Я подскочил на диване и возбужденно прошелся по залитой луной комнате. Ольга неосторожно тронула болезненную для меня тему, и теперь меня отравляли мысли о моей бывшей семье. Меня давно уже не занимало, как это уютная, наивная, с лучистыми огромными глазами женщина-девочка превратилась в азартную, сухую, безжалостную истицу, для которой оскорбительным было уже одно то, что я, несмотря ни на что, живу и радуюсь этой жизни. Невыносимое и унизительное заключалось в том, что под крылом этой истицы вызрело голенастое язвительное насекомое, которое я должен был любить как дочь. Потому что это и была моя дочь. В три годика она была открытым, веселым, хохочущим ребенком. «Папа хороший!» – проснувшись ни свет ни заря и дернув меня, спящего, за волосы, с жизнерадостным смехом провозглашала она. Теперь же, в пятнадцать лет, она стала сосредоточием всего того, что было мне омерзительно, что определяло для меня нелюдя, затесавшегося среди людей: ядовитая сухая манерность, базарная хлесткость суждений, въевшаяся в кровь недоверчивость, язвительный внезапный смех прямо тебе в глаза.

Возвращаясь из командировки в Среднюю Азию, я с рюкзаком фруктов из аэропорта прямо поехал к ним. «Приволок!» – похабно раскрыв рот, изобразила площадной смех дочь.
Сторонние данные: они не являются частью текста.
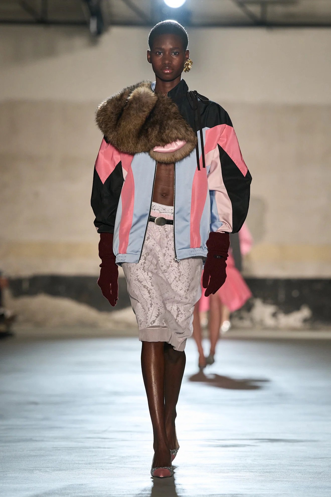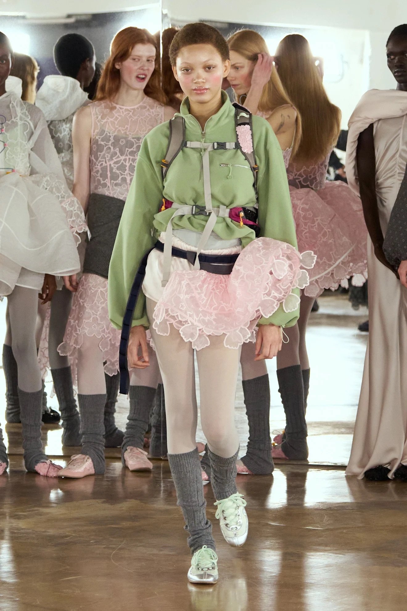 ・阪急阪神百貨店 (売り場)バイヤー 源野里沙子:セシリー バンセンのペールグリーン×ピンクの色合わせ、フリース×マトラッセの異素材ミックス。「シモーン・ロシャ(Simone Rocha)」の甘さ×ワークテーストの融合。

Оказывается, как раз перед этим очередное азартно-дерзкое письмо в редакцию вышло из-под их быстрого пера, и я с мешком фруктов выглядел в их глазах, как уличенный злоумышленник, которому в редакции накрутили хвост. Весело переглянувшись, перемигнувшись, они были как две круглоглазые, азартно-озабоченные деловитые мыши. «Новую шляпу купил!» – «А в тот раз в американских джинсах пришел!» Каждое сказанное слово ими немедленно извращалось, наделялось пошлым и вздорным смыслом. И даже пятиминутное пребывание в этой духоте, в этой суетной нечистоте становилось для меня невыносимым. Я выскакивал на свежий воздух, не понимая, как с этим ненавидимым мною миром пошлости я оказался связан родством. Могу представить, какое горе и какая мука, когда ребенок твой умер, и ты ни днем, ни ночью не можешь об этом забыть. Но в силах ли кто представить другое горе и другую муку, когда ты хочешь о своем ребенке забыть?
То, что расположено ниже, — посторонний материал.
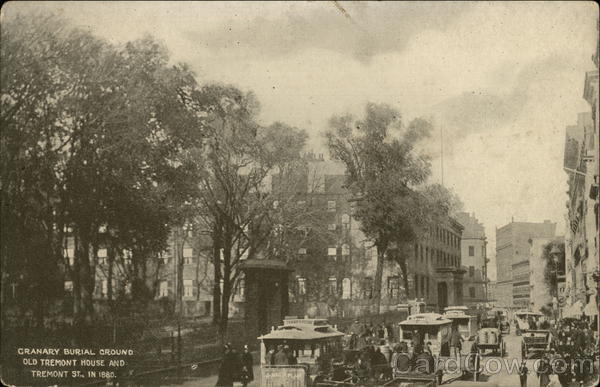 Front: GRANARY BURIAL CROUND OLD TREMONT HOUSE AND TREMONT ST., IN 1880. JAMANTA PLA Back: No. 622. Pub. by Boston Post-Card Co., 12 Pearl St. 4. TWO CENTS

С тяжело бьющейся в висках кровью, с разрывающимся от тоски и ярости сердцем я остолбенело постоял посреди комнаты, а затем лег и замер, глядя на качающиеся в лунном окне ветки.

По большаку гоняли на мотоциклах подростки. Грохот внезапно бил по стеклам и обрывался. А через несколько минут налетал с другой стороны.
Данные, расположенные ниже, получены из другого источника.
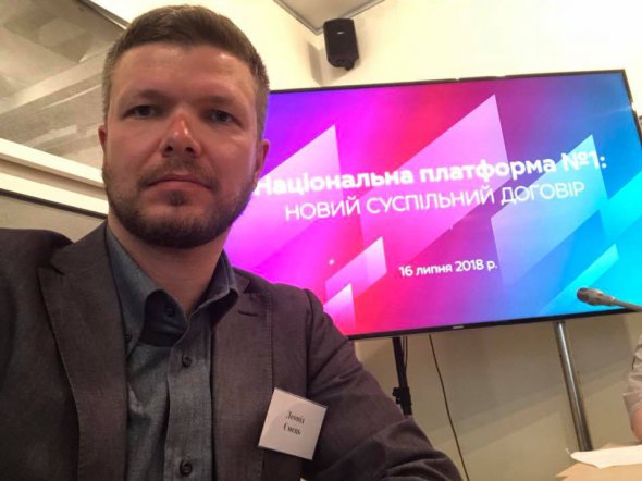 Він позує на фоні банеру "Національна платформа: новий суспільний договір".

Внезапно я вскочил и подбежал к выходящему на улицу окну. Посреди темной, кочковатой улицы сидела на земле Ольга, положив на колени подбородок. Тусклый свет, сочащийся из дома напротив, едва освещал этот темнеющий посреди дороги ком.

Я отпрянул от окна, сел на диван и посидел неподвижно, сжав руками голову.

Грохот мотоцикла вломился в нашу улицу, по стеклам ударила струя света. И пока я вскакивал, мотоцикл, обвильнув Ольгу, ударился в наш забор. Выбежав на парадное, выходящее на улицу крыльцо, я увидел, как мальчишка, ругаясь, поднимает мотоцикл. Он взревел двигателем и укатил, а я, выдрав забитую гвоздями парадную калитку, подошел к безучастно сидящей Ольге.

– Это что еще за фокусы?! – Меня просто всего трясло.

– Я хотела с вами поговорить, – сказала она, не отнимая от колен подбородка.

– Ну, хорошо, хорошо, – сказал я раздраженно. – Пойдемте в дом!